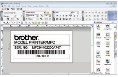
P-touch Editor 5 gives you the creative options to design and print any label required

Connect to non-windows devices using the RS-232 serial port. By sending simple text commands containing the label format and the text/barcode to be printed, the labelling machine will print the label required. No driver or software needs installing.
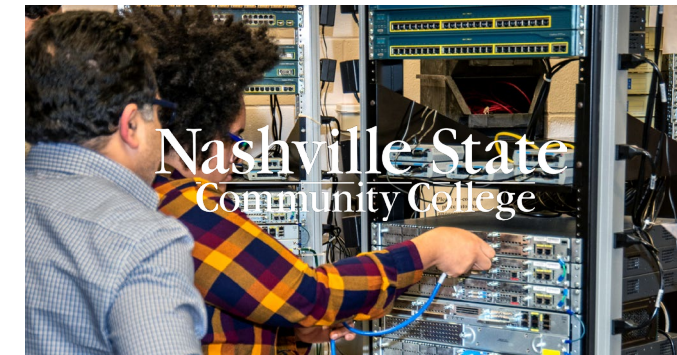
Do not place logo on a busy background image.
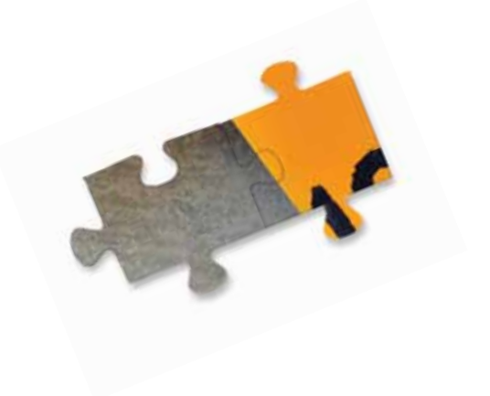
MANY THANKS We will keep you informed.
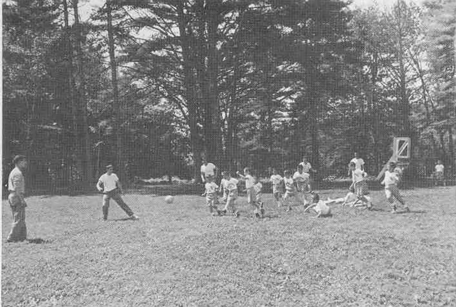
FRESHMAN SOCCER GAME
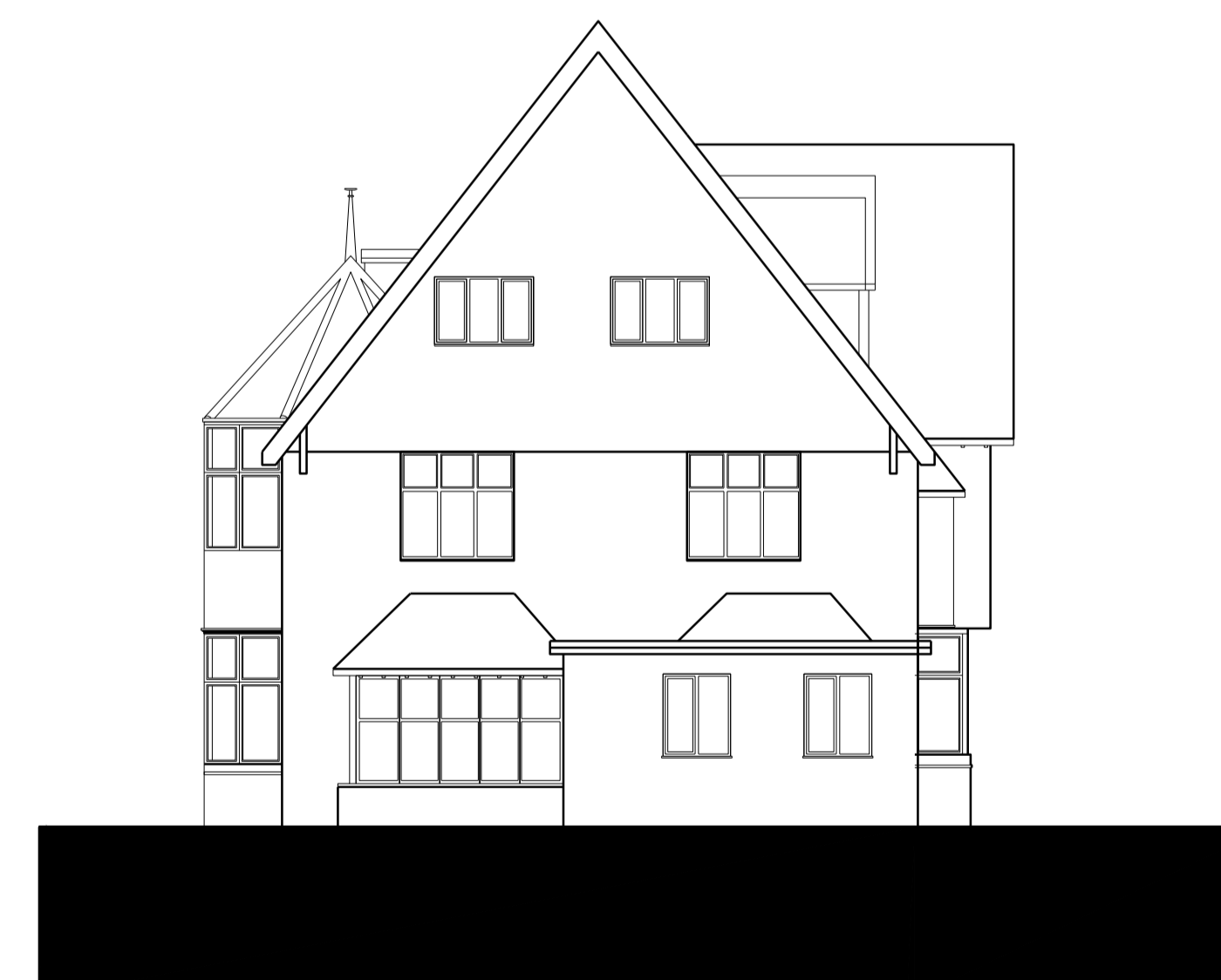
4 ELEVATION Existing Side (West) Elevation SCALE 1: 100
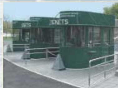
08 - 6G
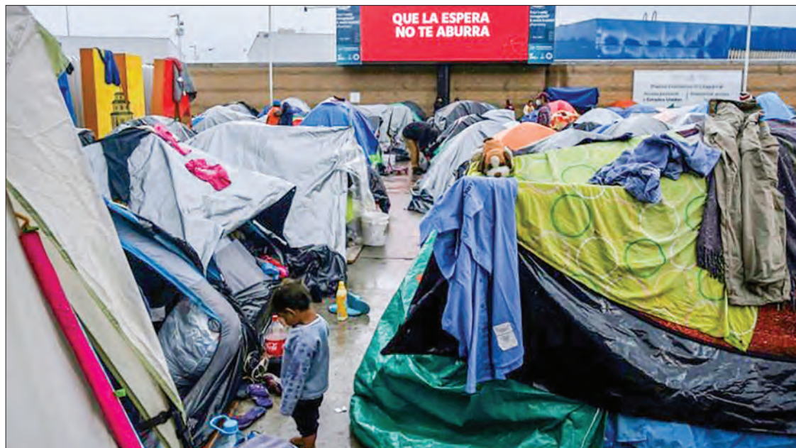
A migrant shelter in El Chaparral, Tijuana, Baja California state, Mexico where the number of children has increased dramatically.

"Most of the shelters I visited in Mexico are already overpopulated and cannot accommodate the growing number of children, adolescents and families migrating northwards,"
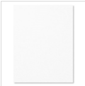
Whisper White 8-1/2" X 11" Cardstock
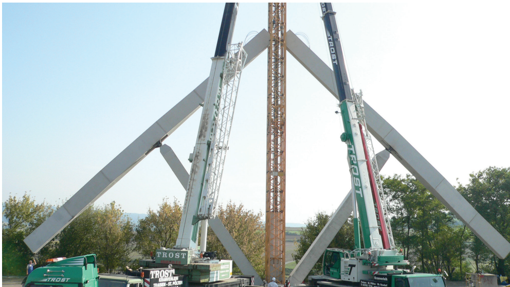
Fig. 1 Construction of the prototype Click here to watch the video

This new bridge construction method consists in building the bridge girders in a vertical position and in rotating the bridge girders into the final horizontal position. The span of the bridge girders is reduced by the compression struts, which enables considerable savings in construction materials.
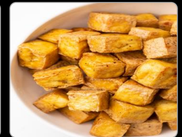
FRIED TOFU Great plant-based source of protein
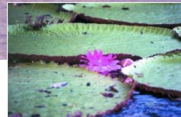
(above) Along the Amazon, homes are built on stilts so that they can float when the River rises. (inset) Opening the second night, the flower of Victoria amazonica is rosy pink to red.
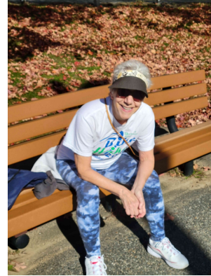
After 5 mi hike.
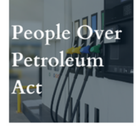
This bill would repeal fossil fuel subsidies and provide a cash rebate to Americans.
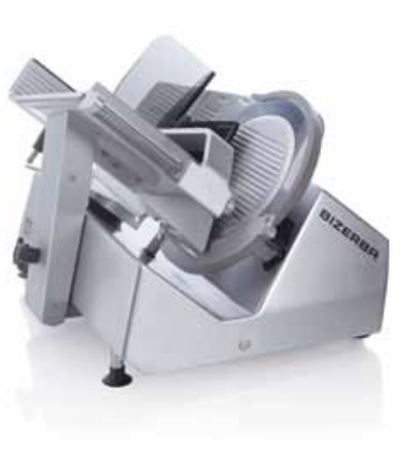
GSP H 18°
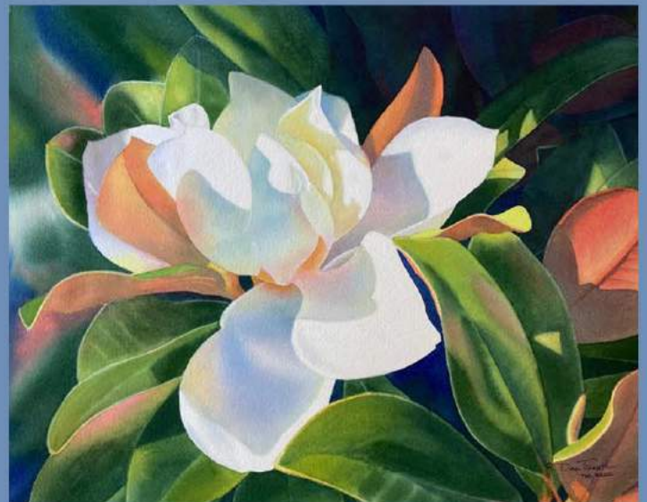
4th Place "Southern Magnolia" Dee Tunseth
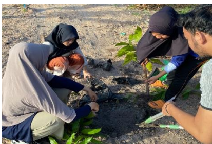
Picture 24. Mango Tree Seedling Planting Activity
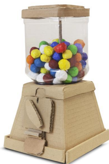
Chewing gum machine, 2017 cardboard, 30x17,5x16,5

Trägerverein: PS-Art e.V. Berlin Oranienburger Straße 27 10117 Berlin-Mitte
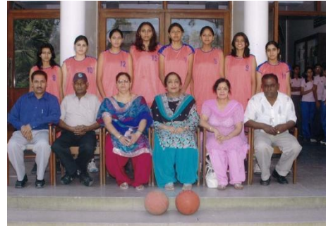
Basket ball team 1 st in Panjab University session 2007-2008.
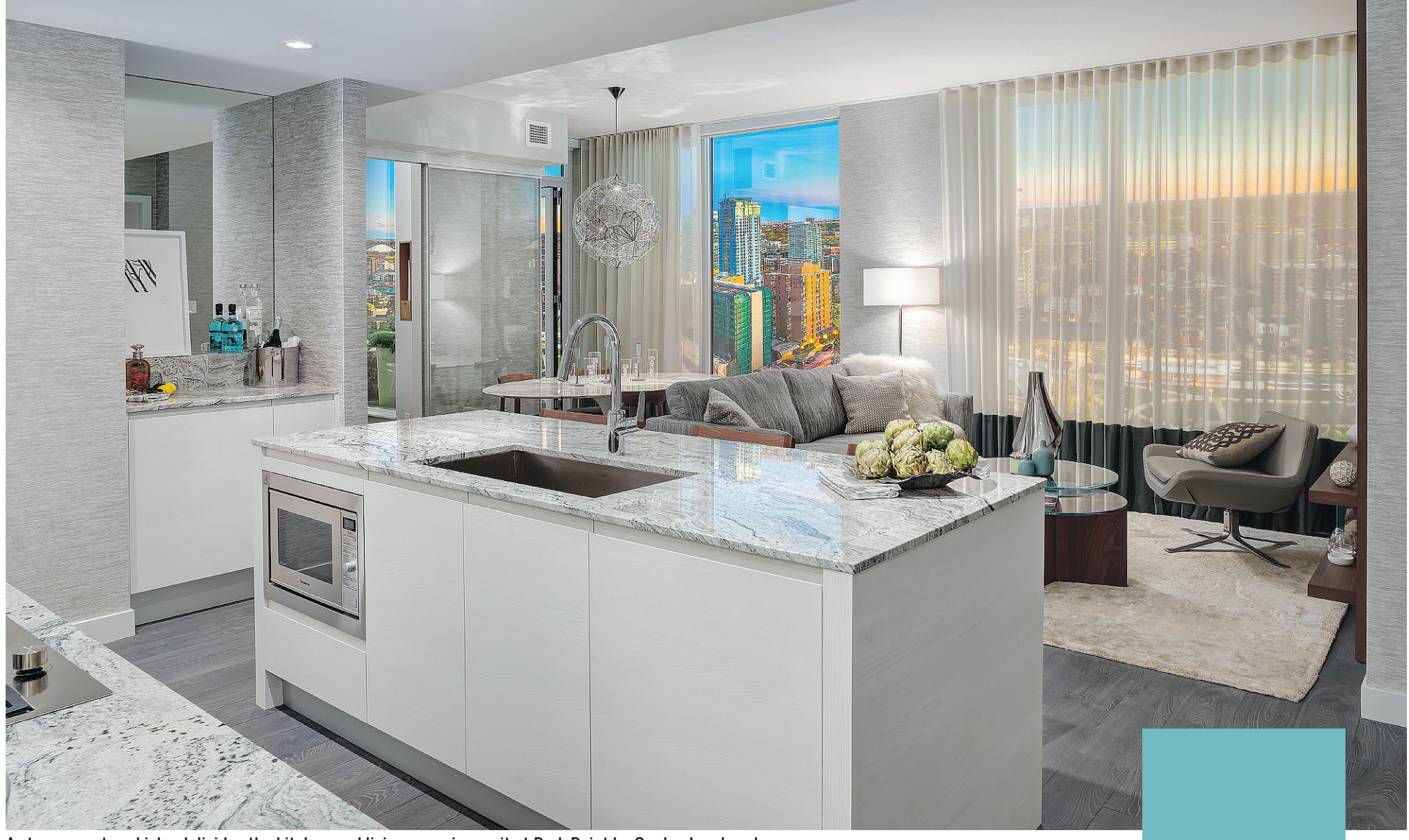
A stone-countered island divides the kitchen and living room in a unit at Park Point by Qualex-Landmark.
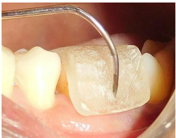
Fig. 7: Six-month horizontal furcation depth
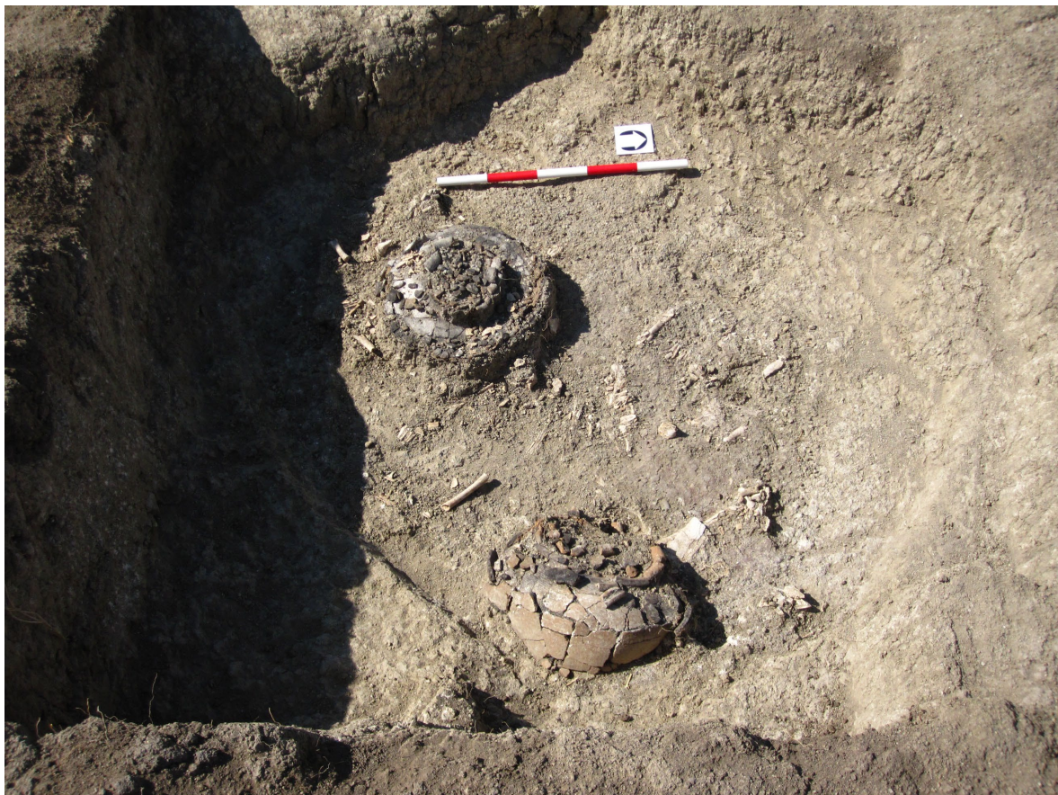
Fig 6. View of Late Bronze Age ritual pit from E

----

Pictures are to be left out while the lines from the beginning of the records through the line with "Fig. 1 Construction" are copied word for word.

Written response:
P-touch Editor 5 gives you the creative options to design and print any label required

Connect to non-windows devices using the RS-232 serial port. By sending simple text commands containing the label format and the text/barcode to be printed, the labelling machine will print the label required. No driver or software needs installing.
Do not place logo on a busy background image.
MANY THANKS We will keep you informed.
FRESHMAN SOCCER GAME
4 ELEVATION Existing Side (West) Elevation SCALE 1: 100
08 - 6G
A migrant shelter in El Chaparral, Tijuana, Baja California state, Mexico where the number of children has increased dramatically.

"Most of the shelters I visited in Mexico are already overpopulated and cannot accommodate the growing number of children, adolescents and families migrating northwards,"
Whisper White 8-1/2" X 11" Cardstock
Fig. 1 Construction of the prototype Click here to watch the video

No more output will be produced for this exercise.